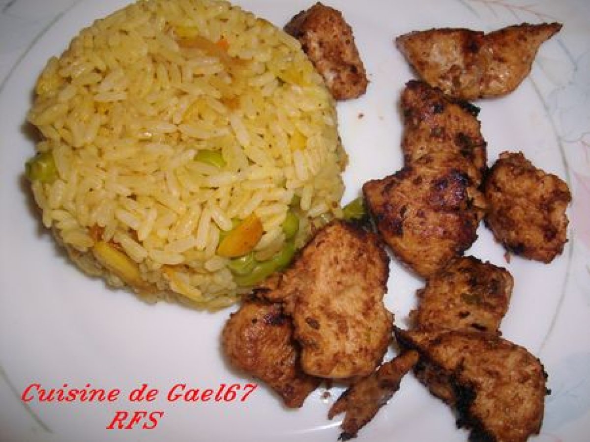 Poulet tandori et riz indien (trio deco) de titi Platfacile22 min414 Kcal Envoyer cette recette à un ami Imprimer cette page Poser une question à l'auteur Publier votre photo de cette recette Ingrédients 2 du blanc de poulet 1 yaourt nature des épices tandoori du persil plat 2 oignons des amandes effilées du riz basmati du curry du gingembre du cumin 1 boite de petits pois carottes Coût estimé: 4.68Euros€ (2.34€/part)
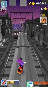 2. 简单手势操作,能跳跃下滑和转向,避开障碍物与保安,收集道具提升表现。
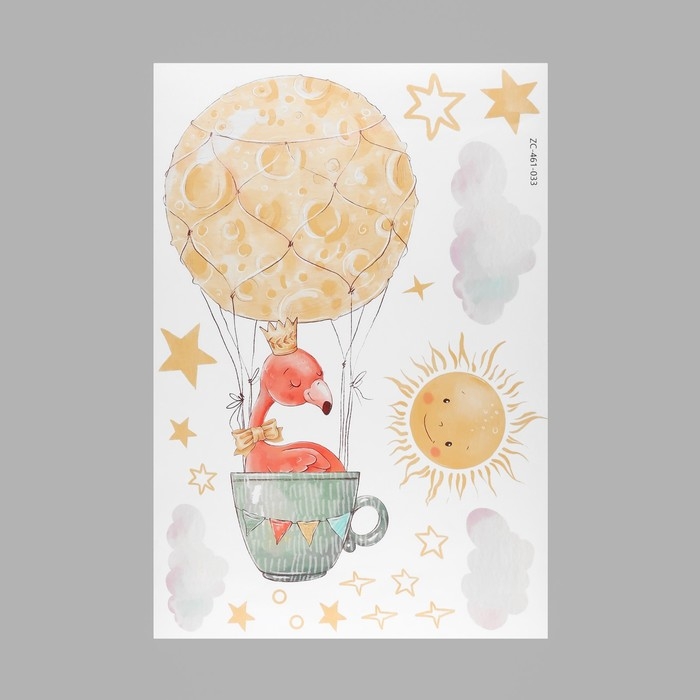 Наклейка пластик интерьерная цветная "Фламинго в облаках" 40х60 см

+===+

What is required :: Would you retype all the lines shown above, exactly as written and without any picture?

Written response ::
 Poulet tandori et riz indien (trio deco) de titi Platfacile22 min414 Kcal Envoyer cette recette à un ami Imprimer cette page Poser une question à l'auteur Publier votre photo de cette recette Ingrédients 2 du blanc de poulet 1 yaourt nature des épices tandoori du persil plat 2 oignons des amandes effilées du riz basmati du curry du gingembre du cumin 1 boite de petits pois carottes Coût estimé: 4.68Euros€ (2.34€/part)
 2. 简单手势操作,能跳跃下滑和转向,避开障碍物与保安,收集道具提升表现。
 Наклейка пластик интерьерная цветная "Фламинго в облаках" 40х60 см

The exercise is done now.